Menyusuri Jejak Sejarah di Distrik Imam Syafii

Rep: Dea Alvi Soraya/ Red: Muhammad Hafil
Pemakaman keluarga kerajaan Mesir Mohammad Ali Pasha atau Hosh al-Basha di Masjid Imam Syafii.
Foto: Egypt Today
Pemakaman keluarga kerajaan Mesir Mohammad Ali Pasha atau Hosh al-Basha di Masjid Imam Syafii.

REPUBLIKA.CO.ID, JAKARTA -- Di masa lalu, gaji toraby dibayar dari uang wakaf (wakaf) langsung sebagai bagian dari biaya pemeliharaan qarafa. Setelah Revolusi 1952, wakaf memiliki kementeriannya sendiri dan pemerintah mengalihkan prioritas uang wakaf ke perumahan umum, sehingga menciptakan kota Wakaf. Akibatnya, uang yang dialokasikan untuk menutupi biaya pengelolaan dan pemeliharaan pemakaman menjadi terpengaruh.

Dia menjelaskan bahwa semua hal tadi mengarah pada kesalahpahaman tentang toraby sebagai oportunis yang mengklaim biaya pemakaman dari keluarga almarhum, padahal sebenarnya dia punya kewajiban hukum tapi tidak ada gaji.

Baca Juga

Di sebelah timur Kubah Imam Al-Syafi’i terdapat kompleks makam monumental keluarga Mohamed Ali. Mohamed Ali sendiri dimakamkan di masjidnya di Benteng Hawsh al-Pasha, juga dikenal sebagai Madafin Al-Familia (Makam Keluarga), tetap menjadi tempat pemakaman resmi bagi penerusnya, anggota keluarganya, pejabat pengadilan, dan pelayannya, hingga awal abad ke-20.
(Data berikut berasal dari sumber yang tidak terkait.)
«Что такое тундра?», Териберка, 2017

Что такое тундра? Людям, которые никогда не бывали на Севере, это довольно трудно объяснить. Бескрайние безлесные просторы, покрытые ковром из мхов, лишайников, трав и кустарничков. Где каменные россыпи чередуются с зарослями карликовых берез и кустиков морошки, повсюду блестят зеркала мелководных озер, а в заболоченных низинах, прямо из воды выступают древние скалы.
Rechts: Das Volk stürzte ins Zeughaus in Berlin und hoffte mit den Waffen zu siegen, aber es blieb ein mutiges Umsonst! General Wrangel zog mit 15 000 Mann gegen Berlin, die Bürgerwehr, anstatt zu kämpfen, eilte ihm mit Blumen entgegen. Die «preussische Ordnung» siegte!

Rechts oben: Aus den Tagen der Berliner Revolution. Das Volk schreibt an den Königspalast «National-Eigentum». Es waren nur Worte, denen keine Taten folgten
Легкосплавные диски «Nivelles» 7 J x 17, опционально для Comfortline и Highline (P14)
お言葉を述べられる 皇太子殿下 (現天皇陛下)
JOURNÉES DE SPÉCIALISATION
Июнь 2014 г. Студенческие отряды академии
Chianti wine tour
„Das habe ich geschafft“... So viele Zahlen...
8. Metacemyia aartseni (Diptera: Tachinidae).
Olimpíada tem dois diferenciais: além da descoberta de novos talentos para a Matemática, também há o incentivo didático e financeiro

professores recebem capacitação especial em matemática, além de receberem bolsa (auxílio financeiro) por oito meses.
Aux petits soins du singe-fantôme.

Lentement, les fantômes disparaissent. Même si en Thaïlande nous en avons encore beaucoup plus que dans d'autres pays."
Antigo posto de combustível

Di antara mereka yang dimakamkan di sana adalah istrinya, Amina Hanem (w.1823), dan putranya Tusun Pasha (w.1816), Ismail Pasha (w.1825), Ibrahim Pasha (r.Juli – November 1848), Abbas Hilmi I ( m. 1848-1863), Mohamed Said Pasha (memerintah 1854 – 1863), dan keluarga mereka. Setiap makam ditandai dengan kolom pemakaman dengan hiasan kepala khas almarhum sesuai dengan status dan jenis kelamin mereka, kepang atau mahkota untuk wanita, sorban atau fezzes untuk pria.

 

“Interior pemakaman mencerminkan gaya Barok Ottoman, serta arsitektur khas Mohamed Ali dari abad ke-19 hingga abad ke-20, dan itu seperti hutan kuburan. Sejarawan Ottoman kagum dengan tempat pemakaman, karena mereka berada di dalam ruangan, tidak seperti yang ada di Turki - yang mempertahankan warna mereka selama bertahun-tahun,” kata El-Ibrashy.
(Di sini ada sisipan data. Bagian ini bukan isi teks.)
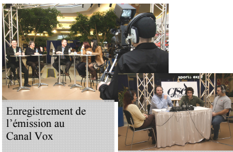
Enregistrement de l'émission au Canal Vox

Entrepreneurs en action a été présenté les 10 et 11 mars dernier aux Promenades de Sorel. Cette activité d'envergure visait à faire connaître à la population les nouveaux entrepreneurs de la région de Sorel-Tracy qui ont présenté leurs produits et services. De plus, cet événement a permis aux nombreux visiteurs d'en apprendre un peu plus sur ces entrepreneurs.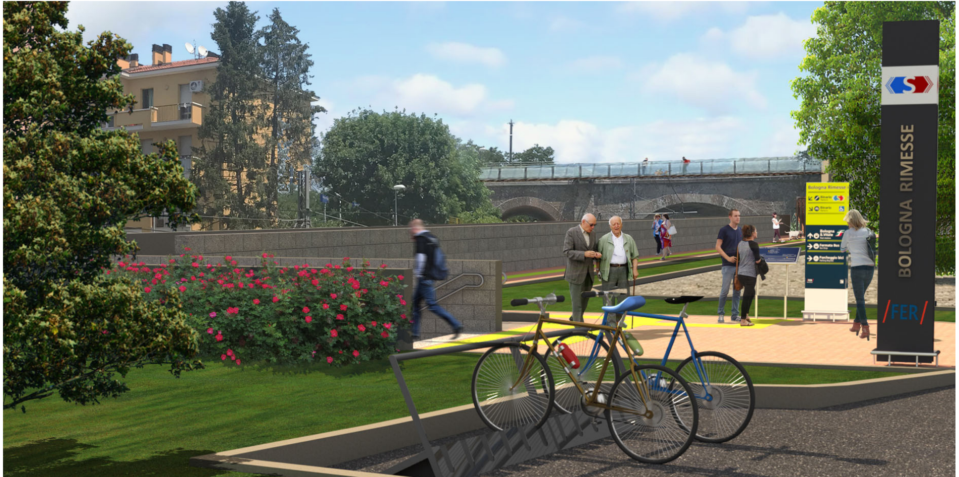
Figura 5 – Fermata Via Rimesse, accesso dal parco, lato via Massarenti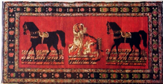
Xalça. Yun. Xovlu. 320x141. XX əsrin əvvəlləri. Kolanı kəndi, Şahbuz rayonu, Naxçıvan MR.

Şahbuz rayonunun Kolanı kəndi yaxınlığında, Aşağı Qışlaq kəndi ilə Biçənək kəndi arasında olan "Mirzə vurulan yer" adlı qayaqlar onun adı ilə bağlı ola bilər.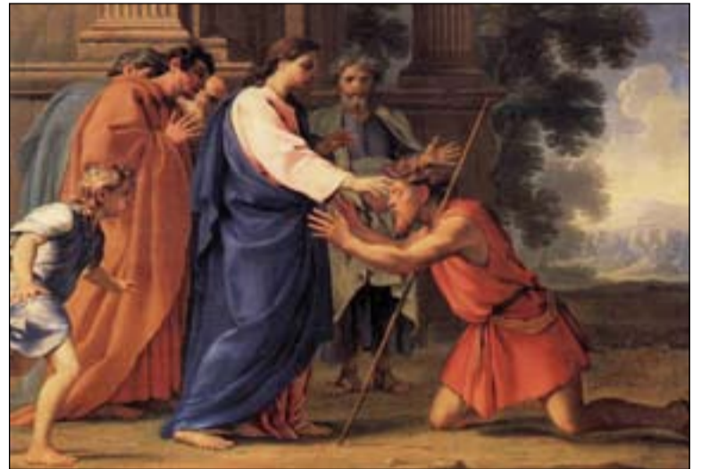
Cristo que cura al hombre ciego. Eustache Le Sueur (s. XVII)

Y al momento recobró la vista y lo seguía por el camino.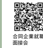
合同企業就職面接会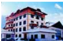
HOTEL ★★★ Posta APRICA Corso Roma, 16 Tel. (+39) 0342 902 424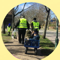
Affaldsindsamlingen Danmarks Naturfredningsforening SKRALDEINDSAMLING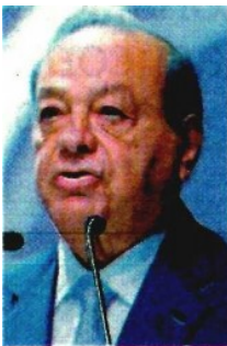
Carlos Slim Helú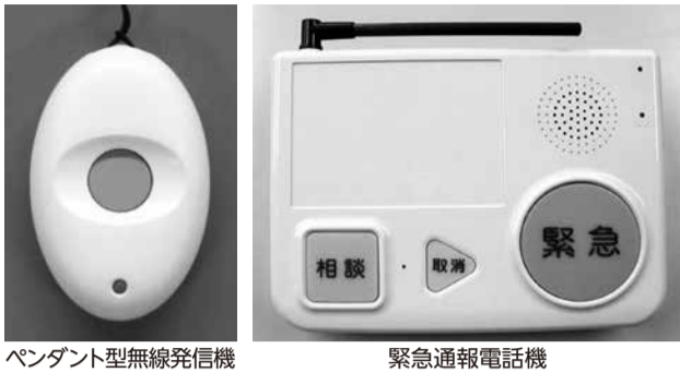
ペンダント型無線発信機

緊急通報端末機器（緊急通報電話機、ペンダント型無線発信機）を貸与します。急病などで緊急時にボタンを押すと、受付センターから消防署に通報が入り、迅速な救急活動を行います。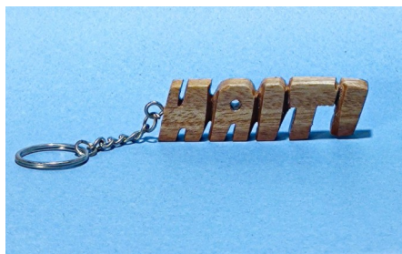
2 Porte clé Haiti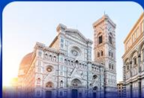
ชมเมืองแห่งศิลปะ ฟลอเรนซ์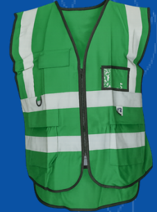
550-CH09SP CHALECO RESCATISTA CON CINTA REFREJANTES HB "VERDE" SP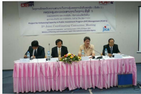
ກອງປະຊຸມ JCC ຮັ່ງທີ 5, ເດືອນສິງຫາ 2010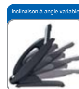
Inclinaison à angle variable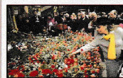
Sörjande vid platsen för mordet på statsminister Olof Palme på Sveavägen i Stockholm 1986.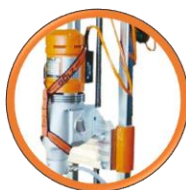
Guidage du chariot par Glissoirs téflon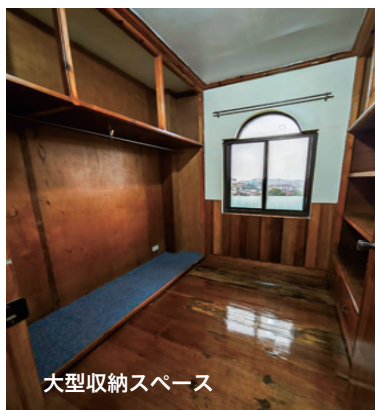
大型収納スペース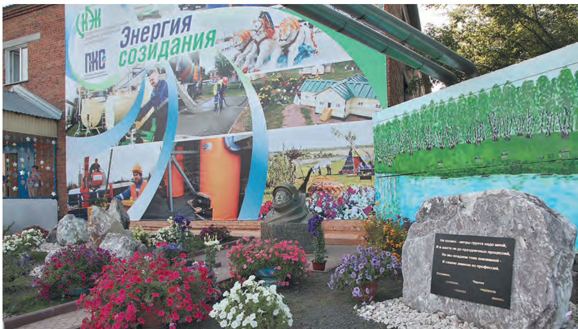
■ «Промышленновские коммунальные системы»: в честь героев космоса.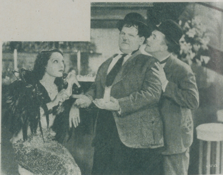
STAN LAUREL, OLIVER HARDY y LUPE VELEZ en una escena de "Fiesta en Hollywood", de M. G. M.,

tando a varias celebridades de la pantalla, entre ellas a Elissa Landi, Clau-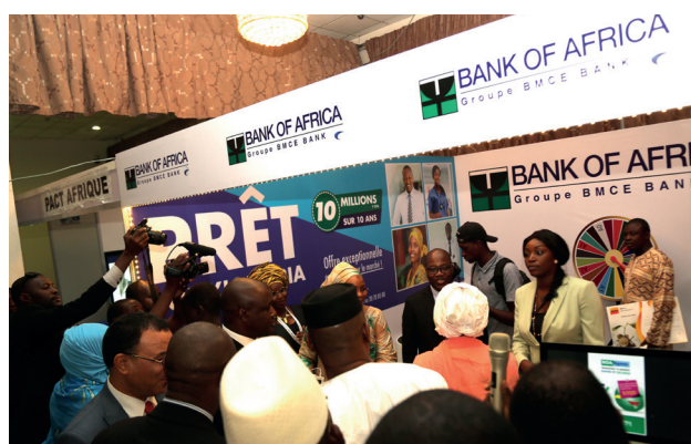
Salon des banques et établissements financiers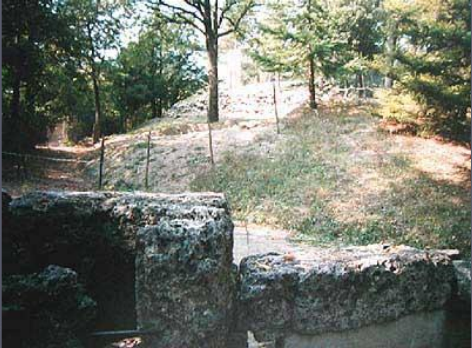
Этрусски. Марцаботто. Остатки водовода.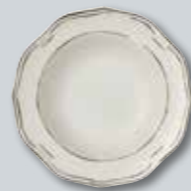
OCR-Nr. 16-4059-2700 Ø 240 mm · 9 ½ in. Deep plate · Assiette creuse · Teller tief Plato hondo · Piatto fondo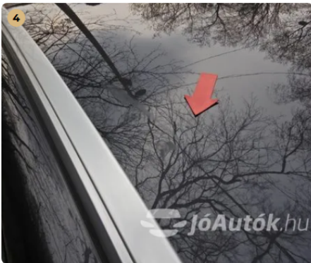
⚠ Apró horpadás a tetőn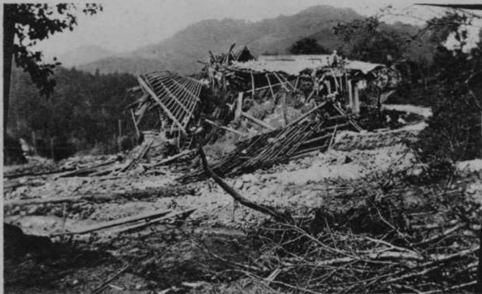
Kafurjeva razvalina v Selu pri Žireh po povodnji 27. septembra.

Predoseljska župnija leži na ravnini med Storžer Jožefa II. leta 1787. Župno cerkev je nadomestil Ksist Zois z Brda. Kapela je bila posvečena v pa je kljub hudim časom, ki so bili tedaj, začel misliti župljanov je svoj načrt izvršil, dasi sam ni dočel. Letošnjo kvatarno nedeljo se je stoletnica te zelo cerkve obhajala z veliko slovesnostjo. Gornja slika ki je bila to pot nad vse okusno, te

Sebelum tahun 1872, makam keluarga Ismail Pasha, dikenal sebagai pemakaman Pangeran Mahmoud Hamdy, merupakan tempat pemakaman keluarga khedive Ismail yang didirikan di utara Hawsh Al-Pasha, tempat makam dua istrinya, Buzum dan Jamal Nur.

Ahmed Taymour Pasha, penyair, penulis, cendikiawan dan sejarawan Mesir juga dimakamkan di wilayah ini. Salah satu peribahasa Mesir buatannya yang terkenal adalah, “Jika kita tidak mati, kemana kita akan pergi? Jangan menangisi tembikar Anda, itu seperti hidup Anda. Dia yang memakai wol lembut dan dia yang memakai linen kasar, keduanya akan diturunkan ke kuburan.”

Ahmed Taymour Pasha adalah putra Ismail Taymour Pasha, kepala diwan khedive Ismail, saudara penulis Aisha Al-Taymuriyya, dan ayah dari novelis Mohamed dan Mahmoud Taymour. Ahmed Taymour mengumpulkan dan mengarsipkan ratusan manuskrip Arab langka, yang kemudian ia sumbangkan ke Dar Al-Kutub Mesir. Dia menulis buku-buku yang mendokumentasikan insinyur dan dokter dari periode Islam, bersama dengan kamus bahasa sehari-hari bahasa Arab Mesir dan mengumpulkan ucapan dan peribahasa Mesir.

Perjalanan berakhir di halaman belakang Kubah Imam Al-Shafii, di mana Sadat Al-Bakria bertanggung jawab untuk pemeliharaan Kubah Imam Al-Shafii. “Di sini kita berbicara tentang tradisi pemakaman yang kita ketahui dari Kotob Al-Ziara (Kitab Visitasi). Praktik Kotob Al-Ziara dimulai pada era Fatimiyah, namun, buku yang kami temukan mencakup waktu dari dinasti Ayyubiyah hingga era Ottoman,” kata El-Ibrashy.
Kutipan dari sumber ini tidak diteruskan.